Dataset excerpt
________

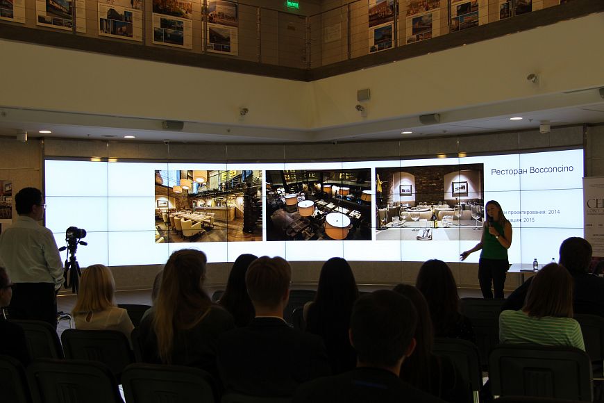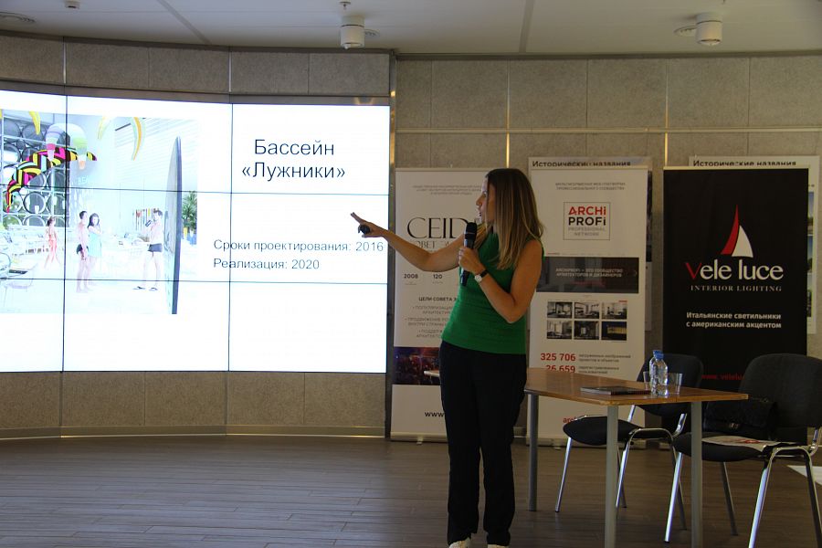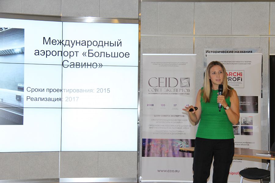 Был затронут и психологический аспект дизайна внутренних пространств. Участники мастер-класса узнали много интересной и полезной информации.Например, о том, почему зоны регистрации в аэропортах, являющиеся по сути «переходными мостиками» между городом и транспортным хабом, должны быть светлыми, просторными, легко читаемыми; а зоны вылета и прилета наоборот - небольшими, затемненными, сомасштабными человеку.Или о том, как навигация и флуоресцентная краска помогает ориентироваться в раздевалках фитнес-центра в случае отключения электроэнергии или задымления. Также Юлия рассказала об опыте применения антивандальных, негорючих, нескользких материалов.
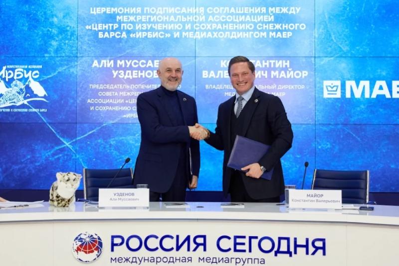 В Москве 22 декабря состоялось подписание соглашения о сотрудничестве между Межрегиональной Ассоциации «Центр по изучению и сохранению снежного барса «Ирбис» и медиахолдингом МАЕР. Задача партнерства — вовлечь миллионы россиян в сохранение культурного наследия.
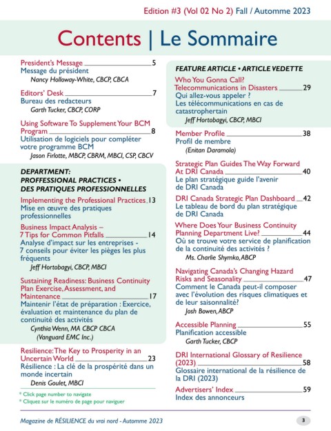 Magazine de RÉSILIENCE du vrai nord - Automme 2023 Retour au sommaire 3
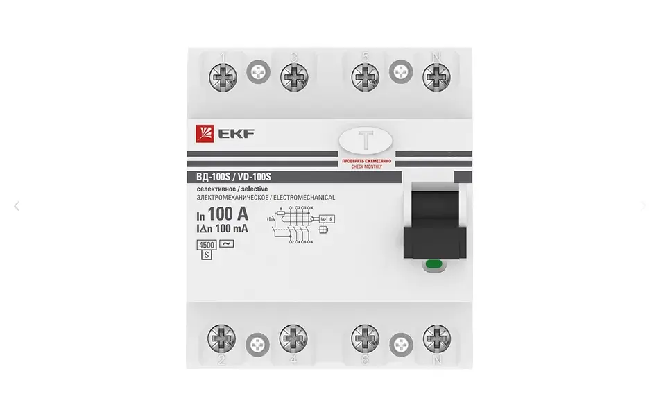 Устройство защитного отключения селективное 4P 100А/100мА (электромеханическое) EKF PROxima

________

Work instruction
The data must be printed exactly, image-free.

Solution for this task
 Был затронут и психологический аспект дизайна внутренних пространств. Участники мастер-класса узнали много интересной и полезной информации.Например, о том, почему зоны регистрации в аэропортах, являющиеся по сути «переходными мостиками» между городом и транспортным хабом, должны быть светлыми, просторными, легко читаемыми; а зоны вылета и прилета наоборот - небольшими, затемненными, сомасштабными человеку.Или о том, как навигация и флуоресцентная краска помогает ориентироваться в раздевалках фитнес-центра в случае отключения электроэнергии или задымления. Также Юлия рассказала об опыте применения антивандальных, негорючих, нескользких материалов.
 В Москве 22 декабря состоялось подписание соглашения о сотрудничестве между Межрегиональной Ассоциации «Центр по изучению и сохранению снежного барса «Ирбис» и медиахолдингом МАЕР. Задача партнерства — вовлечь миллионы россиян в сохранение культурного наследия.
 Magazine de RÉSILIENCE du vrai nord - Automme 2023 Retour au sommaire 3
 Устройство защитного отключения селективное 4P 100А/100мА (электромеханическое) EKF PROxima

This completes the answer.